Akin Collective responds to local artists’ need for affordable studio space

Featured Story

October 2019

Akin studio
(Photo: Janet Hinkle, Akin Collective)

As the city’s funding body for artists and arts organizations, Toronto Arts Council hears from artists and arts leaders that finding spaces to live and work are becoming increasingly unaffordable – a growing issue across all sectors in the GTA, but one particularly relevant to the arts, where venues to create and show work are often expensive.

Founded in 2008, Akin Collective is a Toronto-based arts organization that aims to fill that void by providing affordable studio space and arts-based programming through sister non-profit Akin Projects (which offers professional development opportunities, creative workshops, and community engagement projects). Initially founded by artist Oliver Pauk and furniture designer Michael Dellios in a small loft on Queen West, the organization has since grown into the largest provider of shared artist studios in the city.

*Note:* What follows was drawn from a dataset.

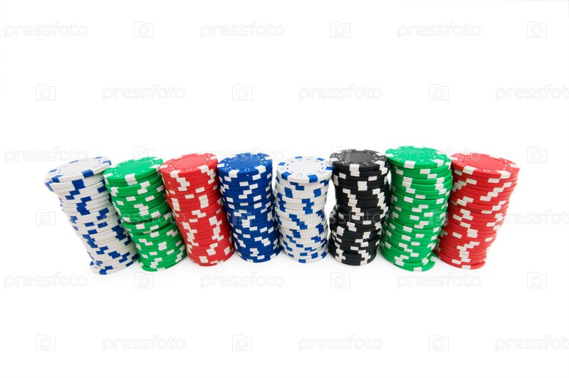 Чипы казино изолированы на белом

"Akin now provides low-cost rental space to nearly 400 visual artists, designers and other creatives and arts groups," says Akin co-director Michael Vickers, who joined the Akin team in 2011. "The studios maintain a friendly and inspiring atmosphere where people can work on artistic endeavours and entrepreneurial undertakings of all kinds. The idea is the same as it was when we began: things are better if we are working together."

Entirely artist-run, Akin is overseen by a small team of 11 artists and now offers studio space at nine locations across the city, gradually adding locations over the years as demand for affordable workspace continued to rise.

This past March, Akin partnered with TAC to open REMOTE Gallery, a dedicated programming and exhibition space at 568 Richmond St. W. that provides low-cost space for artists and the public for exhibits and artistic programming. In partnership with Toronto Arts Foundation’s Neighbourhood Arts Network, Akin also offers opportunities for newcomer artists to grow their art practice and professional network through the RBC Space Award.

Everyone is welcome at Akin regardless of skill level or experience (only the Akin Studio Program at the Museum of Contemporary Art requires an application), and the organization is committed to equity and inclusion. Shared studio membership is $70 a month and dedicated studio spaces range from $100-$1,000 per month depending on space, with all rents including taxes, insurance, wi-fi, utilities, and 24/7 access. Rents are also month-to-month to allow for flexibility.

Akin River studio
Akin's River St. studio

Given the current economic realities in the city that has seen live-work spaces and other vital venues close, Akin’s team is dedicated to finding ways for artists to continue their practice in a sustainable way.

"'Affordable' is a relative term, and I think we've seen it used by others in Toronto to describe studio rental rates that aren't actually viable for working artists. As artists ourselves, we're very much aware of the reality of the situation and the dire need for creative solutions to the space crisis," Vickers points out.

That also means forging relationships with all levels of government and likeminded arts organizations – not only has Akin developed connections with key departments at City Hall as well as local MPs and MPPs, they’ve also advised on the City’s TOcore planning and presented to the House of Commons’ Standing Committee on Canadian Heritage about new ways for creating artist space.

"We'd hope for more information-sharing between organizations and City departments so that artists and non-profits can more easily access unused property owned by the City itself, continued work on the property tax subclass, and generally just a greater willingness by all to think outside the box before more artists find the situation in Toronto untenable and leave," Vickers says.

Vickers, who’s also a 2019 TAC Leaders Lab Fellow, hopes Akin’s work can help support fellow artists across the city, but stresses more advocacy is needed from everyone who cares about the arts.

"Across the entire arts sector, beyond just the visual artists we primarily support, we are hearing that we are at a crisis point for affordable space in the city," he says. "As a small, growing organization focused on addressing this, it keeps us up at night! Artists should be able to live in a city where they can focus on creating instead of on how they can make ends meet, and though we have provided one solution, we know as artists ourselves that we need a stronger push for change."